To find the relative grade of every student based on the grades of all other students, you used the window function percent_rank. The function returns a value between 0 and 1 that represents the rank of the current row relative to all other rows.

Custom binning is mostly useful for when the data is familiar, or within a known set of values. When exploring unknown or unbound sets of data there are other binning techniques you can use.

Equal Height Binning

Say you need to divide students to groups based on their grade, and you want every group to have roughly the same number of students. To achieve this, PostgreSQL provides a function called NTILE:

WITH grades AS (
    SELECT round(70 + sin(n) * 30)::int AS grade
    FROM generate_series(1, 100) AS n
),

grades_with_tiles AS (
    SELECT
        *,
        ntile(10) OVER (ORDER BY grade) AS bucket
    FROM
        grades
)
SELECT
    min(grade) AS from_grade,
    max(grade) AS to_grade,
    count(*) AS cnt,
    bucket
FROM
    grades_with_tiles
GROUP BY
    bucket
ORDER BY
    from_grade;

 from_grade │ to_grade │ cnt │ bucket
────────────┼──────────┼─────┼────────
         40 │       41 │  10 │      1
         41 │       45 │  10 │      2
         47 │       53 │  10 │      3
         53 │       61 │  10 │      4
         61 │       70 │  10 │      5
         71 │       79 │  10 │      6
         79 │       87 │  10 │      7
         89 │       95 │  10 │      8
         95 │       99 │  10 │      9
         99 │      100 │  10 │     10

Divding values into bins or buckets with roughly the same frequency is called "Equal Height Binning". Notice how each group holds exactly 10 rows.

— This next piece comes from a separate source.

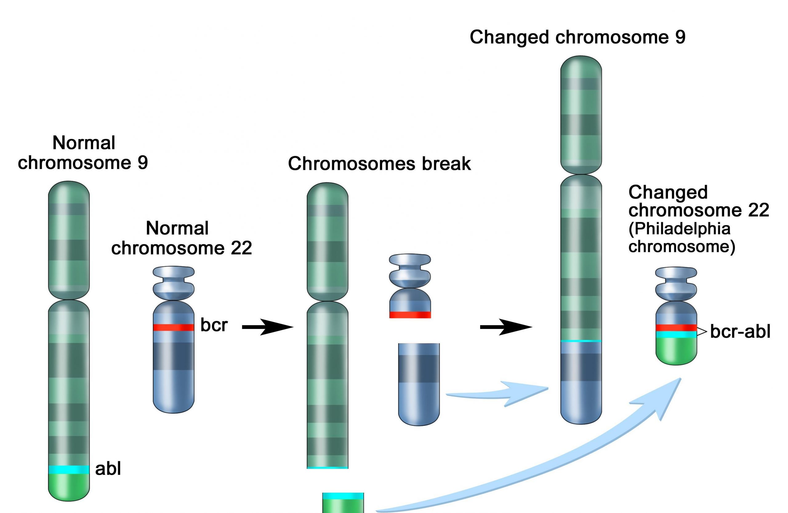 Τα κυτταρογενετικά χαρακτηριστικά: Έχουν μεγάλη προγνωστική σημασία. 10-20% των περιπτώσεων ΟΛΛ είναι Ph θετικοί (5% των παιδιών και 25% των ενηλίκων) και η πιθανότητα της θετικότητας αυξάνει με την ηλικία. Η πιθανότητα για πλήρη ύφεση είναι μικρότερη σε ασθενείς που είναι Ph θετικοί και η πιθανότητες να παραμείνουν σε πλήρη ύφεση είναι χαμηλότερες. 25-30% των ενηλίκων με ΟΛΛ είναι BCR-ABL θετικοί. Έτσι πάνω από 10% των περιπτώσεων που είναι Ph αρνητικοί ή φυσιολογικοί ή δεν έχουν κάνει ανοσοϊστοχημεία θα έχουν την BCR-ABL αναδιάταξη. Το Ph χρωμόσωμα προέρχεται από την μετάθεση (t(9;22) (q34;q11), το οποίο εμπλέκει την μετακίνηση του περισσότερου μέρους του ABL πρωτοογκογονιδίου από το παρακείμενο χρωμόσωμα 9 στην περιοχή 5′ του γονιδίου BCR στο χρωμόσωμα 22. Το σημείο σπασίματος στο χρωμόσωμα 9 ποικίλλει και συμβαίνει οπουδήποτε σε μια περιοχή 200 kilobase ή και περισσότερων, συνήθως στο εσώνιο 5′ του εξωνίου 2. Σε αντίθεση, τα σημεία σπασίματος στο BCR γονίδιο στο χρωμόσωμα 22 συμβαίνει σε 2 περιοχές, η μία ονομάζεται μείζων περιοχή του συμπλέγματος καμπής-major break point cluster region (M-bcr) και η άλλη ελάσσον περιοχή του συμπλέγματος καμπής-major break point cluster region (m-bcr). Οι αναδιατάξεις στην M-bcr μεταγράφονται σε ένα χιμαιρικό messenger-RNA το οποίο παράγει μια υβριδική 210 kilodalton πρωτεϊνη (p210Bcr-Abl), που σπάει με την έκφραση m-bcr σε ένα χιμαιρικό messenger-RNA το οποίο παράγει μια υβριδική μικρότερη 190 kilodalton πρωτεϊνη (p190Bcr-Abl). Στην ΧΜΛ όλα τα σπασίματα χαρτογραφούνται στο M-bcr το οποίο ορίζεται στο CML-Ph χρωμόσωμα, ενώ στην ΟΛΛ, τα σπασίματα βρίσκονται και M-bcr και στο m-bcr. Τα σπασίματα στο m-bcr ορίζονται στo χρωμόσωμα Ph της ΟΛΛ. Η συχνότητα των δύο τύπων σπασίματος φαίνεται ότι εμφανίζεαι με την ίδια συχνότητα. Ph θετική ΟΛΛ με της ΧΜΛ τον τύπο BCR-ABL μετάθεσης δεν είναι απλά μια λεμφοειδής κρίση στη ΧΜΛ. Αυτοί οι ασθενείς σπάνια έχουν μια μακρά προδιαγνωστική ιστορία, δεν έχουν σπληνομεγαλία και όταν θεραπεύονται με την συμβατική θεραπεία η νόσος τους δεν μπαίνει σε μια χρόνια Ph θετική φάση, αλλά μπαίνει σε μια Ph αρνητική πλήρη ύφεση. Το ελεύθερο νόσου διαστήματος είναι μικρότερο σε όσους έχουν το σπάσιμο του τύπου της ΟΜΛ. Η πρόγνωση είναι χειρότερη για ασθενείς με Ph αρνητικό και BCR-ABL θετικό. Χρησιμοποιείται imatinib mesylate σε ασθενείς με υποτροπή ΟΛΛ που έχουν Ph χρωμόσωμα θετικό με πλήρεις ανταποκρίσεις σε πολλές περιπτώσεις, αλλά είναι μικρής διάρκειας. Άλλη γονιδιακή μετάθεση στην ΟΛΛ είναι η σύντηξη του ETV6 γονιδίου στο χρωμόσωμα 12, σκέλος p13 και του CBFA γονιδίου στο χρωμόσωμα 21, σκέλος q22 σε 25% των προδρόμων Β-κυττάρων σε ΟΛΛ σε παιδιά. Αυτή η αναδιάταξη είναι το αποτέλεσμα μιας κρυφής μετάθεσης t(12;21)(p13;q22) που δεν ανιχνεύεται με την κυτταρογενετική ανάλυση, αλλά μόνο με την PCR. Το ETV6-CBFA γονίδιο σύντηξης εμφανίζεται σε ηλικία 2-9 ετών με ανοσοφαινότυπο (CD1-θετικό, CD19-θετικό, HLA-DR-θετικό, CD2-αρνητικό και CD33-αρνητικό). Οι μισές από τις περιπτώσεις είναι φυσιολογικού κινδύνου και οι άλλες μισές υψηλού κινδύνου. Όμως το ETV6-CBFA γονίδιο σύντηξης συνδέεται με καλή πρόγνωση.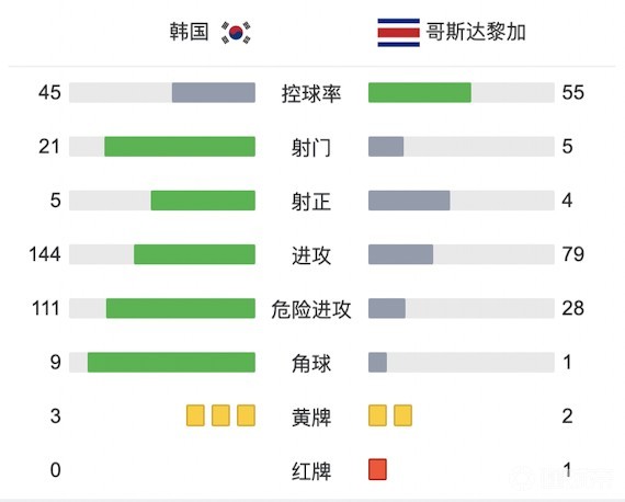 韩国2-2哥斯达黎加,门将禁区外手球染红送孙兴慜任意球绝平

The function NTILE is a window function. It accepts the number of buckets, in this case 10, and an order by clause in which to divide the range by. Window functions can't be used as a group by key, so you need to use either a subquery or a CTE to add the "bucket" field.

Equal Width Binning

So far you divided students to groups based on arbitrary letter grades (custom binning) and to equally sizes groups based on their grades (equal width binning). None of these grouping technics gives you a good sense of the data distribution. One way to visualize the data and get a sense of how grades are distributed is using a histogram.

Histogram

To draw a histogram you need to divide grades into equal width ranges. Grades range from 0 to 100, so you can split the range to 10 bars of 10 each:

WITH grades AS (
    SELECT round(70 + sin(n) * 30)::int AS grade
    FROM generate_series(1, 100) AS n
)
SELECT
    floor((grade - 1) / 10) as bucket,
    min(grade) from_grade,
    max(grade) to_grade,
    count(*)
FROM
    grades
GROUP BY
    bucket
ORDER BY
    bucket;

 bucket │ from_grade │ to_grade │ count
────────┼────────────┼──────────┼───────
      3 │         40 │       40 │     7
      4 │         41 │       50 │    20
      5 │         51 │       58 │    12
      6 │         61 │       70 │    11
      7 │         71 │       79 │    11
      8 │         81 │       90 │    14
      9 │         92 │      100 │    25

To assign each grade to the right bucket we used a little arithmetics. This worked out nicely because the arithmetics here are fairly simple, but what if you wanted smaller buckets? Say 20 buckets of width 5? or 25 buckets of width 4? That would have made the calculation more complicated.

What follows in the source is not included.